Measurement Toolkit - Data processing

Contents

Introduction
Data cleaning
Outliers
Transformation
Missing data
References

Introduction

Data on diet, physical activity, and anthropometry are not always suitable for use in their raw state. Data processing refers to the series of steps performed to derive variables from the raw measurement.

Each of the diet, physical activity, and anthropometry domains involves unique data processing steps, for example, processing food consumption to nutrient intakes, heart rate to energy expenditure, and x-ray absorption to fat mass, as discussed on relevant pages.

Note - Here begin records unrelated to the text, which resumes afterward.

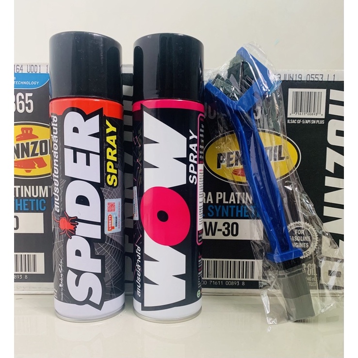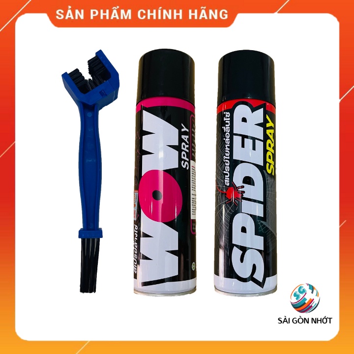 - Sau đó xịt dưỡng sên giúp bôi trơn và bảo vệ sên không rỉ sét với COMBO Spider + Wow (Tặng bàn chải)
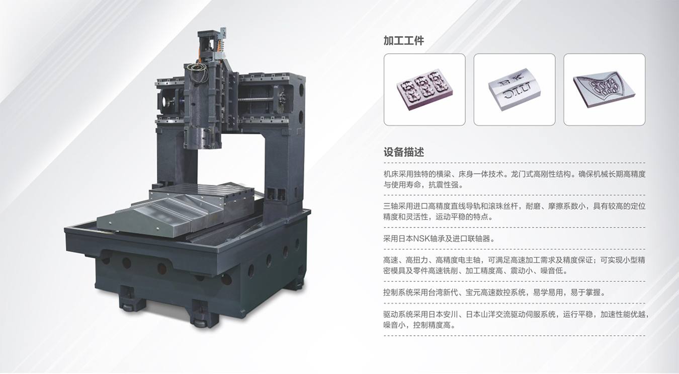 新型環(huán)保數(shù)控CNC -高速雕銑機采用高速24000-48000轉(zhuǎn)電主軸,選配靜電式油霧凈化器,三軸采用線性導(dǎo)軌,速度快,精度高,是模具、電極、批量零件加工;采用臺灣新代或臺灣寶元控制系統(tǒng),日本YASKWA電機及驅(qū)動,臺灣上銀、銀泰導(dǎo)軌及滾珠絲桿,華雕精密主軸,是高轉(zhuǎn)速、高移動速度的結(jié)合。
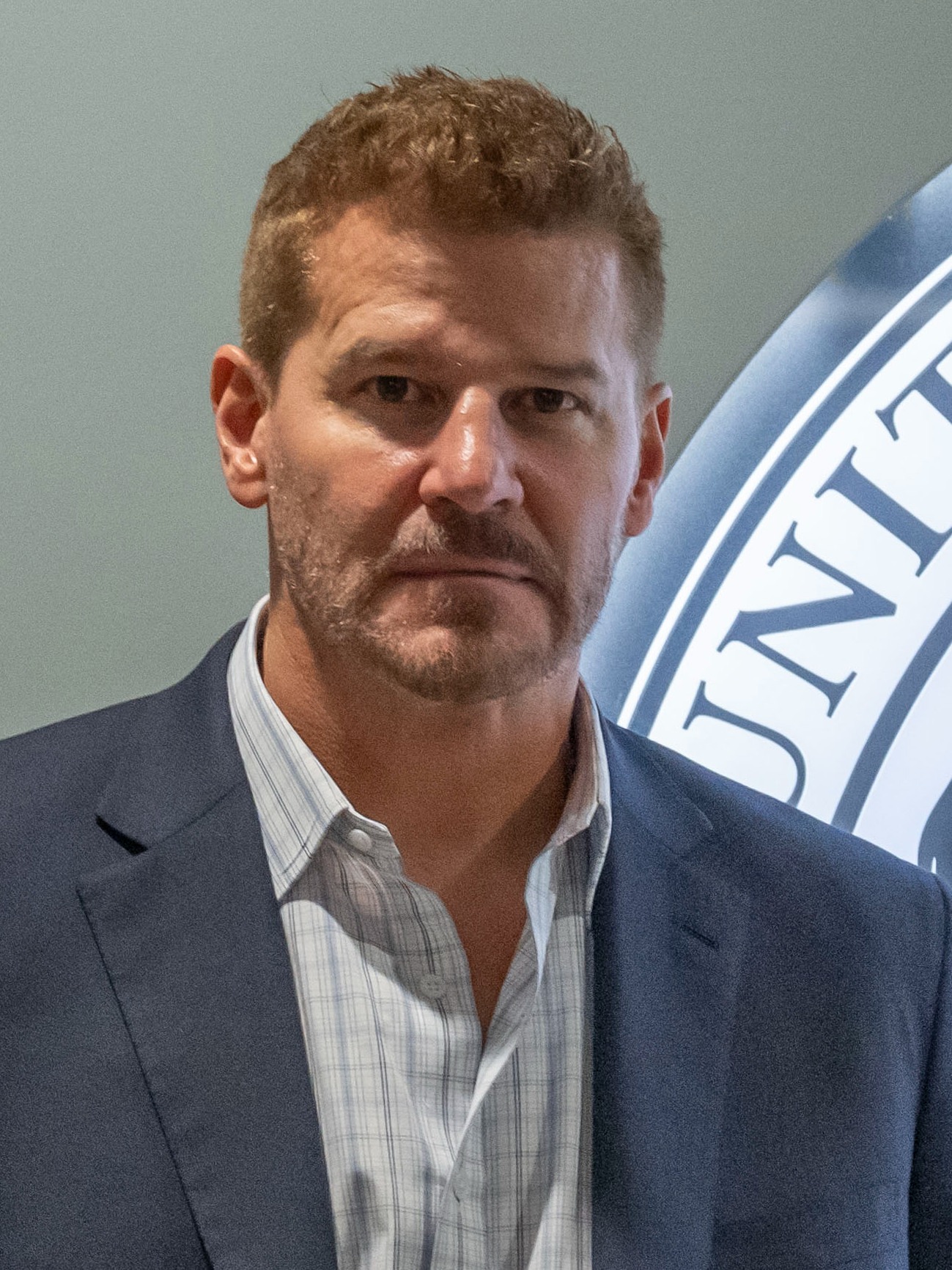 A picture of Boreanaz in a river was shown during the interview.

This section describes the following more general topics requiring data processing:

Data cleaning
Outliers
Transformation
Missing data

All are often implemented or addressed after standard data processing is undertaken. All considerations are common across assessments of diet, physical activity, and anthropometry. All should be considered as options depending on the research aim, the study design, availability of data, and biological or statistical plausibility.

Data cleaning

Involves identification of invalid or incorrect records within the dataset, for example:

Reporting errors, e.g. minutes in hours column in questionnaire data
Incomplete data, e.g. providing the weight and type of food but not frequency with which it is consumed
Illegible data
Biologically implausible data, e.g. extremely high acceleration or energy consumption
Data that are ambiguous or difficult to interpret, e.g. malfunction of an objective measure, use of 12-hour clock, or overlapping diary entries
Data entry errors, e.g. mistakes in manual input of questionnaire responses to an electronic database

In some cases, it may be possible to correct data or contact the participant to clarify details.

Outliers

An outlier is an extreme observation that appears to deviate markedly from other observations in a defined sample, and can have a large effect on statistical analysis according to the quantity of outliers. Some statistics, such as the mean and least squares regression, are particularly vulnerable to the effects of outliers [1].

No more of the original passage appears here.